The international shipping industry is wrestling with a spate of fires aboard vessels at sea in recent months that have crippled several big cargo ships, killed a number of seafarers and cost companies and their customers hundreds of millions of dollars in damages.
The latest blaze came on March 10, when a nearly 31,000-ton combined container and automobile carrier caught fire in the Bay of Biscay off the coast of France, leading to the rescue of 27 crew members by a British Navy frigate. The Grimaldi Lines-operated Grande America sank two days later, taking more than 2,000 cars that included luxury Audi and Porsche models, to the seafloor.
The disaster was the fourth big ship fire in the past four months, and followed a handful of fires last year that included one that heavily damaged the megaship Maersk Honam, owned by Denmark’s A.P. Moller-Maersk A/S, the world’s largest container ship operator by capacity, and killed five crew members.

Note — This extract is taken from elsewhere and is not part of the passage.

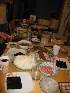 yuzu「早朝は大磯海岸に散歩〜 強い日差しにもかかわらず風は秋を感じさせる爽やかだったよ〜 砂浜を走り終わって、防波堤の上でひと休み〜ふぅ〜笑」 夜は、飼主たちの恒例?定例?の晩餐会(オフ会)〜 今日のメニューもレナパパ任せで、手巻き寿司&餃子大会〜 レナパパからのメンバーへの指示メールは下記の通り 『役割分担は次の通り ★ココママ⇒餃子制作&仲居さん ★こたママ⇒寿司飯制作(桶含む)&卵焼き? ★ジェナポン〈別名:暗黒卿〉⇒飯炊き(5合) ★あたくし⇒寿司タネ買い出し(下こしらえ)&汁もの制作 ★誤無理道教祖(YP)⇒テーブル係&ドリンク買い出し ★チョコパパ(ママ)⇒寿司を巻き巻きする海苔調達 &潜水艦の写真撮影(←非常に重要)』 手作り餃子(薄皮、厚皮)、チーズケーキ、手巻き寿司、味噌汁 全ていつも通り大変美味しゅうございました。 7時開始予定で7時半前に食べれた事に大感激で〜す。笑 早々の準備頂いたみなさんありがとうございました。*食後は、レナパパの休日のほとんどを費やした、大作の潜水艦完成記念撮影〜詳細は次回コンテンツで紹介しますのでお楽しみに・・・・美味しかった〜手巻き寿司のネタ〜 そして我慢できず思わず試食〜笑

Maersk officials say the string of incidents is likely a coincidence, but it has raised alarms among operators, insurers and shipping customers, and focused more attention on the safe handling of the big quantities of goods that move on increasingly large and packed oceangoing vessels.
“It was a wake-up call,” Maersk’s head of fleet technology, Ole Graa Jakobsen, said of the fire that broke out March 6, 2018, on the Maersk Honam, a 353-meter (1,158 foot) ship with capacity for 15,000 containers, in the Arabian Sea.
Maersk has since barred the stowage below deck of dangerous goods and other shipments that may be resistant to fire fighting. The cause of the Honam fire, which took five weeks to bring under control, remains under investigation, but Maersk has said the ship carried shipments classified as dangerous goods.